Clay, provided by Ranchers’ subsidiary, Kentucky-Tennessee Clay Company, joined the fold, adding ceramic manufacturers to Hecla Mining’s roster of customers. Through another Ranchers’ subsidiary, Colorado Aggregate Company, the company absorbed volcanic rock quarry operations. Following the incorporation of Ranchers into Hecla Mining, the company relocated to a more populous community, moving from Wallace to Coeur d’Alene in 1986, and enjoyed years of steady growth, as it realized the surge of vibrancy added by the two acquisitions completed early in the decade.

Though meaningful growth occurred following the early 1980s acquisitions, the remainder of the 1980s were not without their problems. The Lucky Friday mine was closed in 1986, its operation deemed to be too costly, but opened again in 1987. On the brighter side, the company delved into gold production in earnest, acquiring properties in the United States and Mexico that provided a substantial percentage of revenue during the 1990s.

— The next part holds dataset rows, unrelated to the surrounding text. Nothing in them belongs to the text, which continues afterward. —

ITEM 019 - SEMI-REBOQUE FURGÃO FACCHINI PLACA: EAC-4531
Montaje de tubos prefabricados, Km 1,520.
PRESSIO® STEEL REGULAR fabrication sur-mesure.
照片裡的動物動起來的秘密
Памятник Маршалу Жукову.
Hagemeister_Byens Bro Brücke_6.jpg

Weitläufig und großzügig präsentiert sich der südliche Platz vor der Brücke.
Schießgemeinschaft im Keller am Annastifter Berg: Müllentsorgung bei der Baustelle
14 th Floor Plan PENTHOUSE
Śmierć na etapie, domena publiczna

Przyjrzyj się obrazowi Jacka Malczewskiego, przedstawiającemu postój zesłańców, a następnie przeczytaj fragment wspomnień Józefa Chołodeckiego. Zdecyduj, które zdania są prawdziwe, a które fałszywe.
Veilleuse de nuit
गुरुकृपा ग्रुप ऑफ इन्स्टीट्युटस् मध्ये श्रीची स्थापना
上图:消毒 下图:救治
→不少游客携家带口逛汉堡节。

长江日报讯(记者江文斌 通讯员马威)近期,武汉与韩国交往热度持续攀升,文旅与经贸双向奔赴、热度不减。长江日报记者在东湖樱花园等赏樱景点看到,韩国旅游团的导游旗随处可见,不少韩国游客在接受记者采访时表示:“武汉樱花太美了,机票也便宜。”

Further, the addition of the industrial minerals businesses gained through the purchase of Ranchers proved to be a boon, developing into a nearly 50 percent contributor to the company’s total revenue volume and recording annual leaps in sales for more than a decade.

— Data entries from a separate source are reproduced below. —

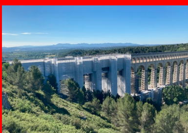
Les travaux portent notamment sur le remplacement des pierres et la réflexion de l'étanchéité sur les trois tabliers.

Il s'agit du plus haut aqueduc en pierres de taille du monde. Culminant à 83 m de hauteur, ce joyau du patrimoine provençal (375 m de long) enjambe la vallée de l'Arc, une voie ferrée et une route départementale pour acheminer l'eau de la Durance jusqu'à l'agglomération marseillaise via le canal de Marseille.
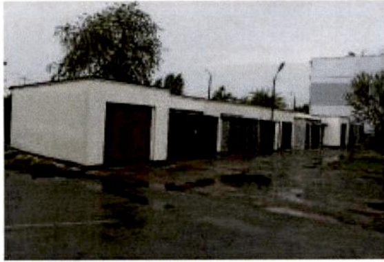
Widok na dz. 222/159
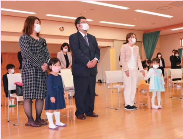
▲新生活に親子でドキドキわくわく
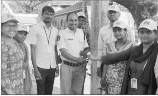
ట్రాఫిక్ కానిస్టేబుల్కు గులాబి పువ్వు అందజేస్తున్న విద్యార్థులు
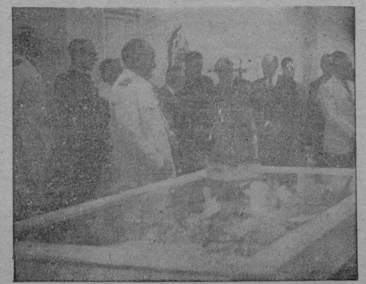
Nuestras autoridades en el acto solemne de la inauguración (Vea información en página 3.ª)
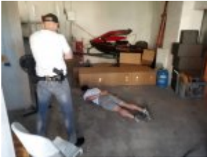
Mężczyzna podejrzany o przestępstwa narkotykowe
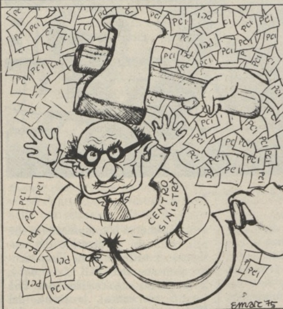
NAUFRAGIO DI MEZZO GIUGNO
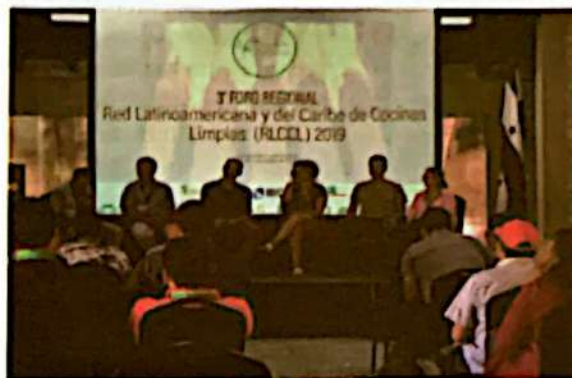
Participación en el 3er Foro regional RLCC

relación con la Secretaría de Salud, CESCO y la Universidad Pedagógica.
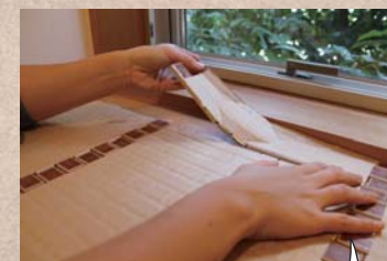
② カットしたタイルを貼る
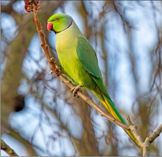
De Halsbandparkiet rukt op in het stedelijk gebied.
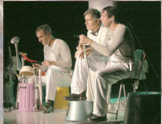
Les poubelles boys

Je connais l'homme qui a vu l'homme Qui s'est baigné dans une rivière Dans une eau claire, fallait voir comme Plus claire encore que la lumière J'vous parle de ça, y'a un paquet Les p'tits ruisseaux étaient courants Chacun avait son robinet Les enfants jouaient dans les étangs. Extrait de «Rupture de stock» de Richard Gotainer
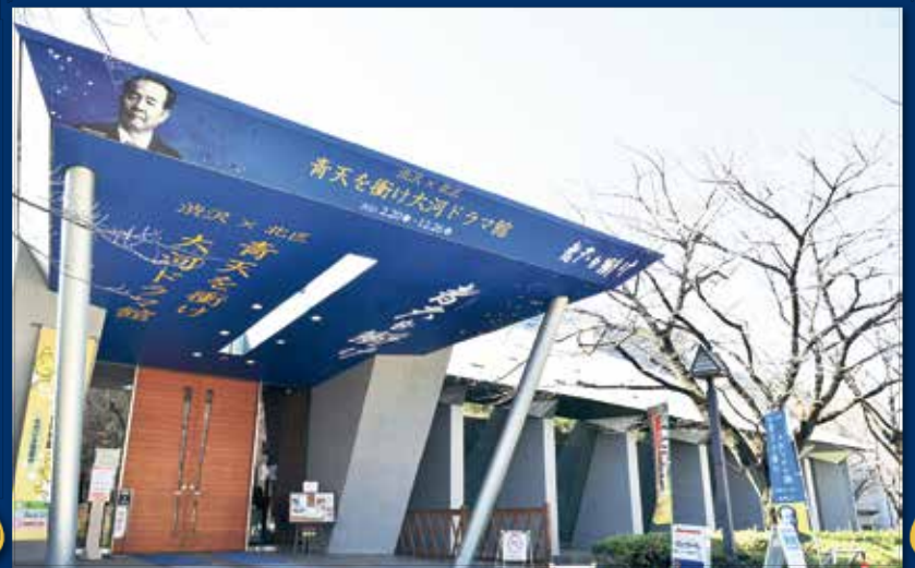
大河ドラマ館外観

By the late 1990s, after a 10-year stretch that saw the company’s financial totals fluctuate widely, Hecla Mining’s management was intent on increasing the company’s gold and silver production and altering the composition of its business so that precious metals would account for 70 percent of total revenues. With this as its goal at the dawn of its second century of business, Hecla Mining rallied forward, a far cry from the $150 hillside claim that gave birth to one of the country’s preeminent mining companies.

Principal Subsidiaries: Kentucky-Tennessee Clay; Mountain West Colorado Aggregate (MWCA); Industrial Minerals Exploration.

Further Reading:

Bradley, Hassell, “Hecla Gets New Canada Base,” American Metal Market, August 27, 1990, p. 5.
Fahey, John, Hecla: A Century of Western Mining, Seattle: University of Washington Press, 1990.
Knights, Mikell, “Hecla Mine Halts Operations; Cause of Mine Shaft Accident Is Under Investigation,” American Metal Market,” September 1, 1994, p. 12.

LaRue, Gloria T., “Hecla to Up Gold, Silver Output,” American Metal Market, March 7, 1997, p. 4.
Munford, Christopher, “Hecla’s Largest Silver Mine Down on Luck; Firm Shuts Stopes, Lays Off Workers,” American Metal Market, December 6, 1990, p. 2.
Schiffer, Craig, “Hecla Workers Return to Lucky Friday Mine,” American Metal Market, December 8, 1994, p. 6.
Stavro, Barry, “Long Shot,” Forbes, October 20. 1986, p. 127.
Stovall, Robert H., “Tarnished Trophies,” Financial World, August 8, 1989, p. 96.